_Task prompt_:
Exclude the pictures and transcribe the rest of the data below exactly.

------------------------------------------------------------------------

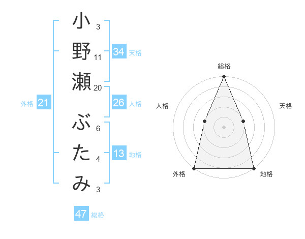 小野瀬 ぶたみさんを姓名の画数から五運を鑑定
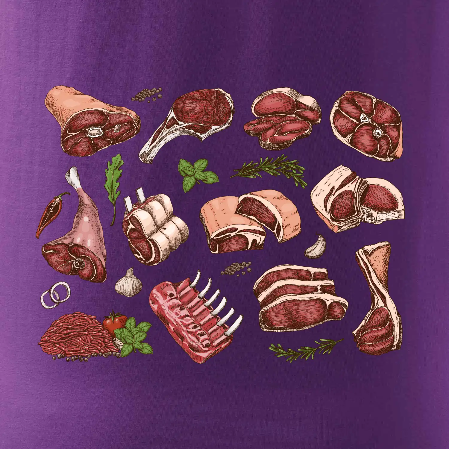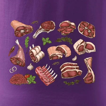 Triko, které je plné masa, by si měl pořídit každý kuchař. Na triku najdeš žebírka, kýtu i mleté maso. Triko pro kuchaře musí mít každý správný šéfkuchař i kuchtík. Vhodný dárek pro kuchaře, který má rád jídlo, hlavně maso.
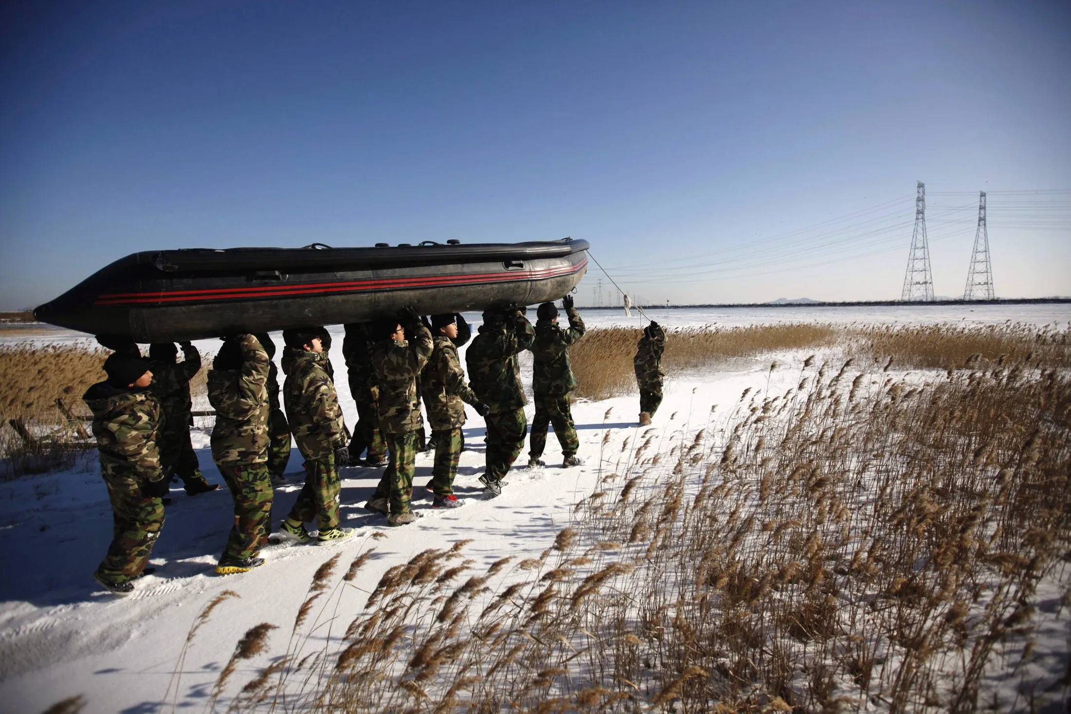 Students carry an inflatable boat during a winter military camp in Ansan, south of Seoul January 3, 2013. Hundreds of students between 11 and 17 years old attend winter boot camp training courses every year. The winter courses range from 4 to 14 days at the Blue Dragon Camp run by retired marines, which also offers summer boot camp for students. REUTERS/Kim Hong-Ji (SOUTH KOREA - Tags: EDUCATION SOCIETY MILITARY)
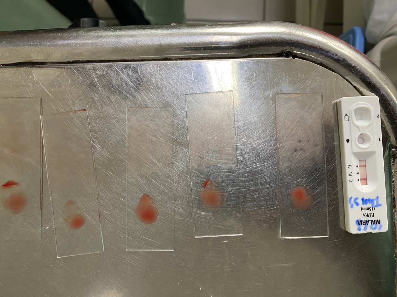 Ngày 10/3/2024 Trung tâm Kiểm soát bệnh tật tỉnh phối hợp làm test chẩn đoán nhanh và lấy máu soi lam, kết quả: test chẩn đoán nhanh dương tính(+) với Plasmodium falciparum, soi lam mật độ KSTSR (++++), không có thể phân liệt. Bệnh nhân được cấp và điều trị thuốc sốt rét ngày đầu tiên, tiếp tục được điều trị và theo dõi những ngày tiếp theo.
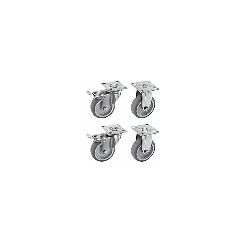 Set di ruote in gomma termoplastica, supporto in acciaio inox, piastra di montaggio, 2 rotelle pivottanti con fermo, 2 rotelle a supporto fisso, Ø x larghezza ruote 75 x 23 mm. Fornitura = montato. Diametro ruote = 75 mm. Forma = rotella pivottante con fermo doppio, rotella a supporto fisso. Fornitura = 2 rotelle pivottanti con fermo doppio e 2 rotelle a supporto fisso. Materiale ruote = gomma - elastomeri in gomma termoplastica (TPE). Materiale cerchioni = polipropilene. Materiale corpo = acciaio inox. Portata a 4 km/h = 75 kg. Tipo di fissaggio = con piastra di fissaggio. Larghezza ruote = 23 mm. Altezza d'ingombro = 100 mm. Cuscinetti ruota = cuscinetto a strisciamento. Resistenza alle temperature = da -10 °C fino a +70 °C. Sporgenza rotelle pivottanti = 32 mm. Diametro fori filettati = 6 mm. Dimensioni piastra rotella a supporto fisso mm = 60x60 mm. Dimensioni piastra rotella pivottante = 60x60 mm. Interasse fori filettati = 38x38 - 46x46 mm. Superficie del corpo = acciaio inox.
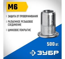 ЗУБР М6, станд. бортик, 500 шт, стальные резьбовые заклепки с насечками, Профессионал (31317-06)

------------------------------------------------------------------------

_Task output_:
 小野瀬 ぶたみさんを姓名の画数から五運を鑑定
 Triko, které je plné masa, by si měl pořídit každý kuchař. Na triku najdeš žebírka, kýtu i mleté maso. Triko pro kuchaře musí mít každý správný šéfkuchař i kuchtík. Vhodný dárek pro kuchaře, který má rád jídlo, hlavně maso.
 Students carry an inflatable boat during a winter military camp in Ansan, south of Seoul January 3, 2013. Hundreds of students between 11 and 17 years old attend winter boot camp training courses every year. The winter courses range from 4 to 14 days at the Blue Dragon Camp run by retired marines, which also offers summer boot camp for students. REUTERS/Kim Hong-Ji (SOUTH KOREA - Tags: EDUCATION SOCIETY MILITARY)
 Ngày 10/3/2024 Trung tâm Kiểm soát bệnh tật tỉnh phối hợp làm test chẩn đoán nhanh và lấy máu soi lam, kết quả: test chẩn đoán nhanh dương tính(+) với Plasmodium falciparum, soi lam mật độ KSTSR (++++), không có thể phân liệt. Bệnh nhân được cấp và điều trị thuốc sốt rét ngày đầu tiên, tiếp tục được điều trị và theo dõi những ngày tiếp theo.
 Set di ruote in gomma termoplastica, supporto in acciaio inox, piastra di montaggio, 2 rotelle pivottanti con fermo, 2 rotelle a supporto fisso, Ø x larghezza ruote 75 x 23 mm. Fornitura = montato. Diametro ruote = 75 mm. Forma = rotella pivottante con fermo doppio, rotella a supporto fisso. Fornitura = 2 rotelle pivottanti con fermo doppio e 2 rotelle a supporto fisso. Materiale ruote = gomma - elastomeri in gomma termoplastica (TPE). Materiale cerchioni = polipropilene. Materiale corpo = acciaio inox. Portata a 4 km/h = 75 kg. Tipo di fissaggio = con piastra di fissaggio. Larghezza ruote = 23 mm. Altezza d'ingombro = 100 mm. Cuscinetti ruota = cuscinetto a strisciamento. Resistenza alle temperature = da -10 °C fino a +70 °C. Sporgenza rotelle pivottanti = 32 mm. Diametro fori filettati = 6 mm. Dimensioni piastra rotella a supporto fisso mm = 60x60 mm. Dimensioni piastra rotella pivottante = 60x60 mm. Interasse fori filettati = 38x38 - 46x46 mm. Superficie del corpo = acciaio inox.
 ЗУБР М6, станд. бортик, 500 шт, стальные резьбовые заклепки с насечками, Профессионал (31317-06)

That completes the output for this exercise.